U.S. Rep. Brett Guthrie, R-2nd District (C-SPAN screenshot) |
Guthrie, a Republican who represents the Second District, is in line to lead the health subcommittee of the House Energy and Commerce Committee when the new Congress convenes next month.
Asked about the evolution of the GOP's health agenda since the days when the party wanted to "repeal and replace" the Affordable Care Act of 2010, Guthrie said there are still things that need to be done with the ACA, noting that the Inflation Reduction Act recently "took $288 billion out of Medicare . . . and put it into subsidies for the Affordable Care Act."
Actually, $288 billion was not literally removed from Medicare to pay for the ACA subsidies that were increased as part of the Inflation Reduction Act. Instead, the Congressional Budget Office estimated that provisions in the Act to lower prescription-drug costs in Medicare and reduce drug spending by the federal government would reduce the federal budget by $288 billion over 10 years.
Asked about this, Guthrie's office explained in an e-mail that under budget reconciliation rules, new spending cannot be added to the deficit without it being offset. The cost of the enhanced ACA subsidies was only $33 billion, but his office said, "Rep. Guthrie was making the argument, given the score and the reconciliation rules, that these savings from Medicare are being used to offset other parts of the Inflation Reduction Act, including ACA subsidies."
Guthrie's office said he introduced an amendment to the Act to not allow the savings from Medicare to be used to "pay for or offset any program, activity or expenditure that is not with respect to the Medicare program under such title," but the amendment was not considered.
In the Dec. 7 Axios interview, Guthrie said of the ACA, "It's not sustainable. . . . Prices keep going up, we subsidize it and it's pricing people out of the marketplace, which still needs to be addressed."
Guthrie said another priority for his subcommittee will be oversight of the implementation of the provisions in the Inflation Reduction Act that authorize Medicare to negotiate prices with drug manufacturers.
He said that the worst thing that can happen in the negotiations is that they will reduce innovation by drug makers, noting that one company has already announced it will not do a third-phase study of a new drug because of concerns about pricing going forward.

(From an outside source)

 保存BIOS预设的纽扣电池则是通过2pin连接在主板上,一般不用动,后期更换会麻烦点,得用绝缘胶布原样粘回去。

"We want more innovation, not less," Guthrie said. "And I'm afraid that's where we're going."
The CBO estimates that the drug pricing and negotiation provisions in the Act "will have a very modest impact on the number of new drugs coming to market in the U.S. over the next 30 years; 13 fewer out of 1,300 or a reduction of 1%," reports the Kaiser Family Foundation.

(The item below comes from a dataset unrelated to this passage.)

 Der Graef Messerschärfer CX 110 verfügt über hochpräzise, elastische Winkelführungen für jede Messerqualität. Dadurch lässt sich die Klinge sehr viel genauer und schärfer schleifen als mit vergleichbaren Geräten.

Guthrie said Republicans will also focus on price transparency, calling it a bipartisan issue that has not yet been resolved. The Trump administration required hospitals to disclose the rates they privately negotiate with insurers and also provide online, searchable rates for 300 common services.

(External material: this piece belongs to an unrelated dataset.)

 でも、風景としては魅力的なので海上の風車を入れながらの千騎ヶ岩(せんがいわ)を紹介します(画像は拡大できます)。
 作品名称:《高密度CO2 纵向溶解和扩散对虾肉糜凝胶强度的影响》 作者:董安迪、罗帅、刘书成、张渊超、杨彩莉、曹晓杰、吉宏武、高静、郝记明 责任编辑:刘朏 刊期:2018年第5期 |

"I think we need to make sure that information is out there," Guthrie said. "We need to expose if the price is right, then that's what the price is, but my guess is there seems to be a lot of steps in the supply chain of health care and we're not sure of the value of every step."
Guthrie also said it will be important to investigate where Covid-19 originated as a way to prepare for future pandemics. "The purpose is to lead to legislation or information that we need to move forward," he said. "One of my biggest concerns as we look at what's moving forward is bringing trust back into our institutions. . . . We need to know that the groups that are supposed to put forth science are putting forth science in the public sphere so the policy makers can make decisions in the public and have confidence."
As an example, he pointed to White House medical adviser Dr. Anthony Fauci's early dismissal of the idea that the virus came from a lab in China, even though "We now know that it probably did come from there." That is a matter of opinion, and the stated view of most experts is that the virus originated naturally.
Guthrie is co-chair of the Republican Healthy Future Task Force, which has put together a list of proposals that seeks to improve health-care choices for workers and small business owners, promotes innovation and transparency and lowers costs and increases options through competition.
Inside Health Policy, reporting on its own interview with Guthrie, says that "If tapped as chair, he would focus on medical-product innovation, price transparency and health-agency oversight, including looking into FDA’s use of emergency use authorizations to ascertain lessons for future pandemics and the agency’s response to the infant-formula shortage to improve its handling of ongoing drug-supply issues."